LAS NANAS DEL TINELL

Lo noticioso no fue que un diputado acusara al Estado de mantener secuestrados a una serie de políticos, porque el diputado Rufián vive, como un parásito, de dañar el cuerpo que habita. Si acaso se echó en falta alguno de esos gadgets que le dan a sus alocuciones una estética de teletienda y cuya función didáctica demuestra que el diputado ve en el ciudadano a un preescolar.

Lo verdaderamente noticioso, por inédito y por alarmante, fue que el presidente del Gobierno no desmintió el secuestro, arrulló al diputado con una nana melosa y remató su respuesta con una de las frases más desleales de cuantas se hayan levantado acta en el diario de sesiones: “Ojalá a partir del próximo 9 de julio podamos emprender un camino que restañe muchas de las heridas que, durante estos últimos seis años, como consecuencia de la falta de criterio y de estrategia del anterior Gobierno, han causado la fractura social en Cataluña”.

Ahí estaban las viriles manos del presidente, esas que marcan con determinación la acción del Gobierno, moviéndose al ritmo de las sílabas, desmontando piececita a piececita la empalizada de legitimidad construida por el bloque constitucionalista para protegerse de las insidias del golpe. Dicho de otra forma, el presidente selló en público y ante los taquígrafos, en apenas 30 segundos, un nuevo pacto del Tinell que, como el original, dicta cuarentena política para media España por su acción infecciosa y nace de la invención suicida de que el PSOE está más cerca de ERC que del PP. Esta mentira tan coqueta es lo que ha enajenado al electorado del PSC, motivó el nacimiento de Cs y ha reducido al PSOE a polvo, mas polvo gobernante.

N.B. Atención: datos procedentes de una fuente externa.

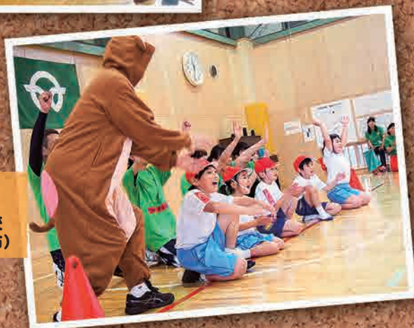
5月28日 ふたば幼稚園・ 双葉南北小学校 運動会(いわき市)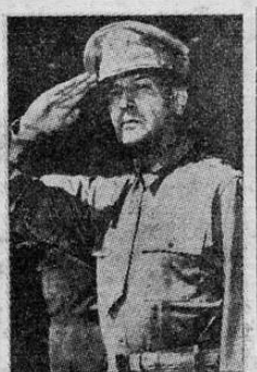
General MAC ARTHUR.

Lo realmente dañino no es la mentira sobre la que se funda el frente popular sino que a base de repetirla va dejando de ser mentira. El secretario general socialista ya habla desde el mismo lugar del que predica el independentismo: si Cataluña es hoy un paréntesis de odio en la España democrática no es porque un gobierno supremacista quiera declarar extranjeros a la mitad de sus habitantes sino porque el Estado -que no el Gobierno- trató de parar el golpe.

Antes de la sesión de control, el presidente ya había anunciado su deserción del bloque constitucional en El País, diario cuyo súbito, cruento e incontestado viraje editorial inauguraba la estrategia de la rendición. “Los tiempos en que el Gobierno agravaba los problemas con Cataluña acabaron”, zanjó el presidente. Y aquí el verbo zanjar no es un mero formulismo.

Pedro Sánchez es ya el primer presidente del Gobierno que se desmarca del Estado. Un pionero.